Solche und andere Erfahrungen haben wiederum auch unseren Münchner Mitgliedern Respekt eingeflößt und sie zu der Einsicht gebracht, das Engagement der Auswärtigen erhalten und fördern zu müssen. Wir haben erkannt, dass wir Letztere vermehrt einbinden müssen, gerade auf solchen Gebieten, auf denen sie aufgrund ihres Wohnortes den Münchnern im Nachteil sind. So wird zum Beispiel daran gearbeitet, ihnen einen Bezug zur Stadt München zu vermitteln, die eben nicht nur Spielort unseres Vereines ist, sondern auch identitätsstiftendes Merkmal seiner Fans. In diesem Zusammenhang erscheint in unserem Ultrazine "Gegen den Strom" etwa eine Serie über die Historie unserer Stadt, die selbst häufig vom positiven Einsatz der "Zuagroasten" zeugt und die Notwendigkeit eines toleranten Miteinanders vor Augen führt. Auch versuchen wir, die Möglichkeiten zur Mitsprache an der Entwicklung unserer Gruppe und den gegenseitigen Austausch für die Auswärtigen zu fördern. Neben den Möglichkeiten der Einflussnahme in den Sektionen finden so etwa häufiger Diskussionsrunden, Kinoabende und Feiern in München statt, die vor allem auswärtigen Mitgliedern zugute kommen sollen und dementsprechend terminiert sind.

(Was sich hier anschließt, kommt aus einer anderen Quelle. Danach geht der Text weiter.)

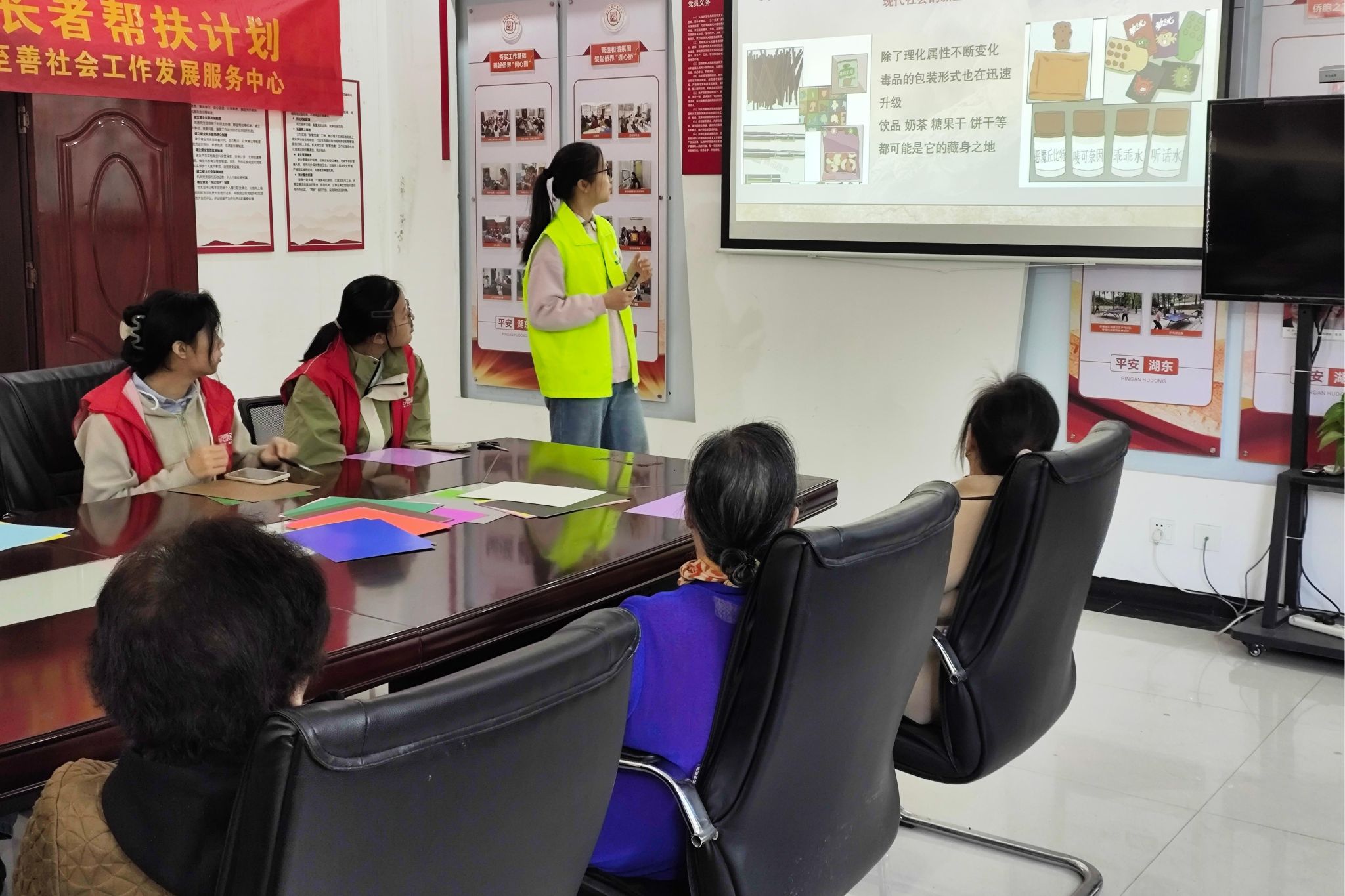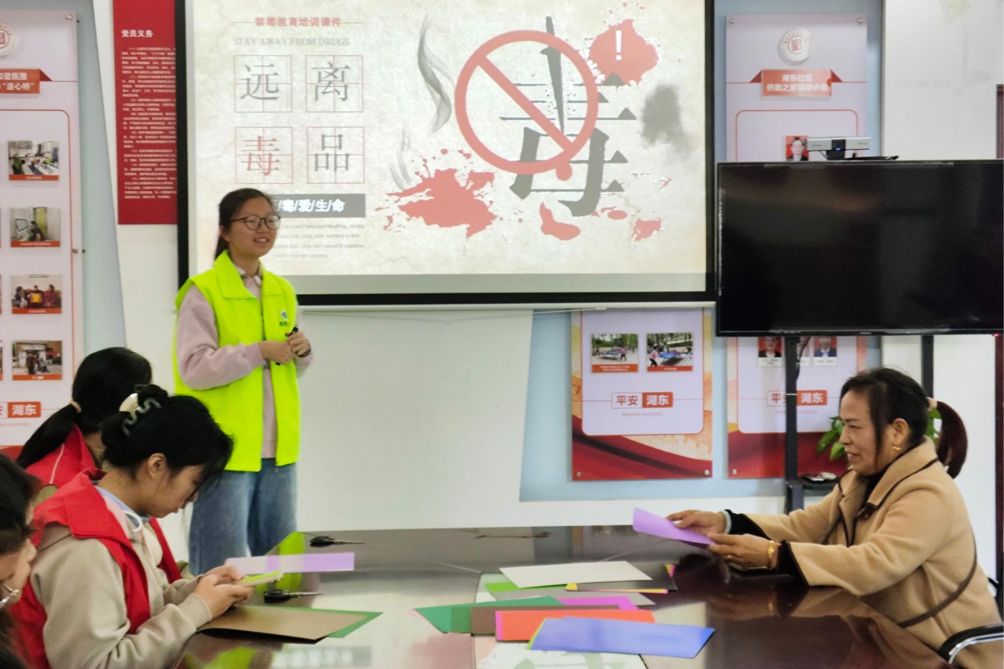 活动伊始,志愿者们围绕毒品的定义、具体危害、群众易受骗的原因以及有效的预防吸毒方法,进行了深入宣讲。他们采用层层剖析的方式,结合真实案例与科学解析,使在场的参与者对毒品的危害及防毒策略有了更为全面的认识。宣讲环节结束后,为了及时解决参与者的疑惑,活动设置了互动问答环节。在这一环节中,参与者纷纷举手提问,志愿者们则从不同角度、多个层面为参与者答疑解惑。此外,活动还融入了剪纸制作环节。在志愿者的指导下,参与者们制作剪纸作品,并在作品上绘制图案,写下自己对防毒事业的期望与祝福。

Dass hierbei dann auch Schlafplätze zur Verfügung gestellt werden und für die Verpflegung gesorgt wird, versteht sich von selbst, ebenso erfreulich ist die Tatsache, dass auswärtige Mitglieder als Zeichen ihrer Wertschätzung auch ab und an zuhause besucht werden.
Für uns hat sich vielfach gezeigt, dass wir gegenseitig profitieren können und es erfüllt uns mit Stolz, dass die freundschaftlichen Kontakte sogar soweit gediehen sind, dass einige Mitglieder aus unterschiedlichen Regionen sich in Wohngemeinschaften zusammentun oder nach München ziehen, was bei den hiesigen Mietpreisen sicher nicht selbstverständlich ist.

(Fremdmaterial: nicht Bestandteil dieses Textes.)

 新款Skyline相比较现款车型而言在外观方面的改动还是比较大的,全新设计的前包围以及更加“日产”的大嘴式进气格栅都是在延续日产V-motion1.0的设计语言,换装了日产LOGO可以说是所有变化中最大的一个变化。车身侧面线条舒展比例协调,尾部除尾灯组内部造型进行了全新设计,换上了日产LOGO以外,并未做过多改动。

Wir würden uns freuen, wenn wir diesen Zusammenhalt innerhalb unserer Gruppe weiter fördern könnten, genauso würden wir es aber auch begrüßen, wenn er sich auch auf andere Bayern-Fans übertragen ließe und zwar unabhängig von der Herkunft, sondern nur davon, ob sie München im Herzen tragen.
Für eine starke und selbstbewusste Kurve, in der jede_r nach den eigenen Möglichkeiten den größtmöglichen Einsatz liefert.